The job of butter in baking (besides being delicious) is to give richness, tenderness and structure to cookies, cakes, pies and pastries. We alter the way butter works in a recipe by changing its temperature and choosing when to combine it with the other ingredients.

How does flour affect biscuits? ›

Flour lends structure to baked goods, like cakes, biscuits, pastry and bread, with a range in protein content to suit the purpose and desired outcome.

How does butter affect dough? ›

As the dough is baked, the butter melts and creates steam, trapping it in the dough and creating air pockets. Once the dough has cooled, these air pockets become delicate layers of flaky dough. By this point, you've realized that butter adds more than flavor—it develops texture.

What effect does fat have on biscuits? ›

They found that the thickness of biscuits was significantly higher when hydrogenated fat or oil was used, while biscuit produced with bakery shortening had better surface characteristics and higher crispness.

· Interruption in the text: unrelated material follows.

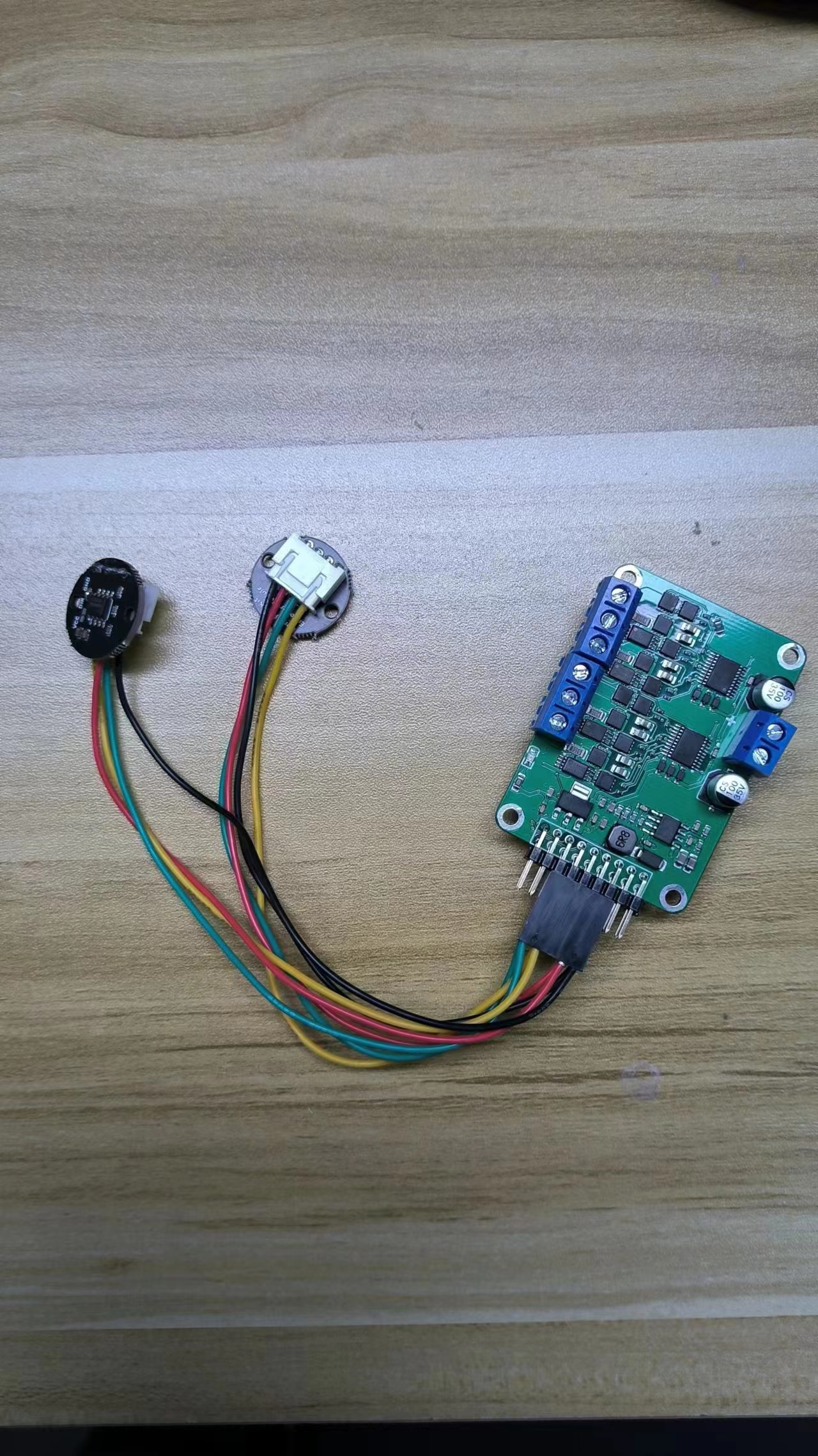 - MPU6050陀螺仪接线端子红色线代表VCC,黑色线代表GND,黄色线代表SCL,绿色线代表SDA,接线端子一端MPU6050连接,一端与AS5600编码器相连。

Why is butter the best fat for biscuits? ›

The cold chunks of butter are important because as they melt into the biscuit while baking they create tiny pockets of steam that puffs and lifts the dough. These pockets turn into that beautiful light and flaky texture we crave with biscuits.

What are the factors affecting the quality of biscuits? ›

The most important factor affecting the physical and processability quality of the biscuits are its chemical components and the interaction of these components to each other. The most important of these components are starch, protein and pentosans.